> [WORK TO BE COMPLETED]: Every word in the data below belongs in your copy, exactly as given; the pictures do not.

> [COLLECTED DATA]:
Segment Open

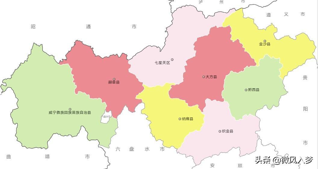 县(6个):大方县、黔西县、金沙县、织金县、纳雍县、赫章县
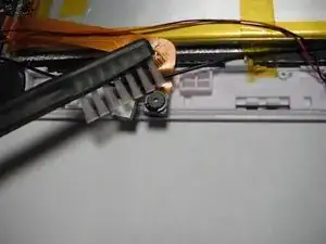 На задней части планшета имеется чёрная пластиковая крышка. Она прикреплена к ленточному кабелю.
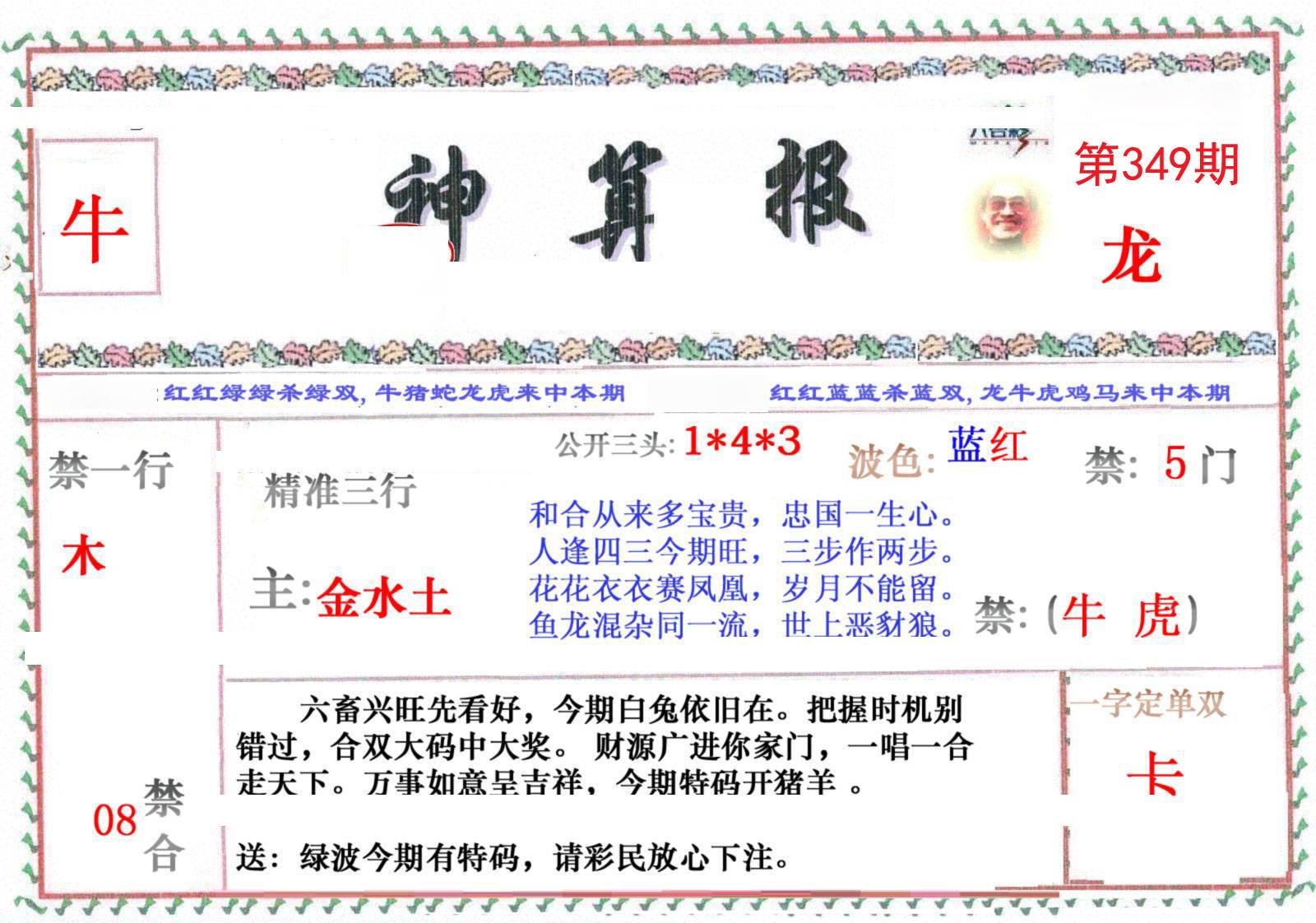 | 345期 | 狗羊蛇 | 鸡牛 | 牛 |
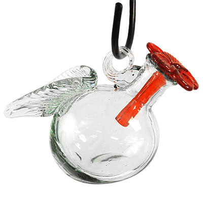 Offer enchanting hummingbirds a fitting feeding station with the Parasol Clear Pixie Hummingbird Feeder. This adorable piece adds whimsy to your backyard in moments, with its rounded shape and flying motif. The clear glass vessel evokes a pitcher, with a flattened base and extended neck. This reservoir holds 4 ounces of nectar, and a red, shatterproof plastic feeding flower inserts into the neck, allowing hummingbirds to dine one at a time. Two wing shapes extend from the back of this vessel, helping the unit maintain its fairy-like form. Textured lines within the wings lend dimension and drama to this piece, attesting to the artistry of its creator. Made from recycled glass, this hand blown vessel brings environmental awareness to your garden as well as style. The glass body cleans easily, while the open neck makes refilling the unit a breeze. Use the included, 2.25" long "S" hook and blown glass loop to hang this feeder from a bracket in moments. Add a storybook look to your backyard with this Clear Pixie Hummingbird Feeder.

Segment Closed

> [RESPONSE TO THE EXERCISE]:
 县(6个):大方县、黔西县、金沙县、织金县、纳雍县、赫章县
 На задней части планшета имеется чёрная пластиковая крышка. Она прикреплена к ленточному кабелю.
 | 345期 | 狗羊蛇 | 鸡牛 | 牛 |
 Offer enchanting hummingbirds a fitting feeding station with the Parasol Clear Pixie Hummingbird Feeder. This adorable piece adds whimsy to your backyard in moments, with its rounded shape and flying motif. The clear glass vessel evokes a pitcher, with a flattened base and extended neck. This reservoir holds 4 ounces of nectar, and a red, shatterproof plastic feeding flower inserts into the neck, allowing hummingbirds to dine one at a time. Two wing shapes extend from the back of this vessel, helping the unit maintain its fairy-like form. Textured lines within the wings lend dimension and drama to this piece, attesting to the artistry of its creator. Made from recycled glass, this hand blown vessel brings environmental awareness to your garden as well as style. The glass body cleans easily, while the open neck makes refilling the unit a breeze. Use the included, 2.25" long "S" hook and blown glass loop to hang this feeder from a bracket in moments. Add a storybook look to your backyard with this Clear Pixie Hummingbird Feeder.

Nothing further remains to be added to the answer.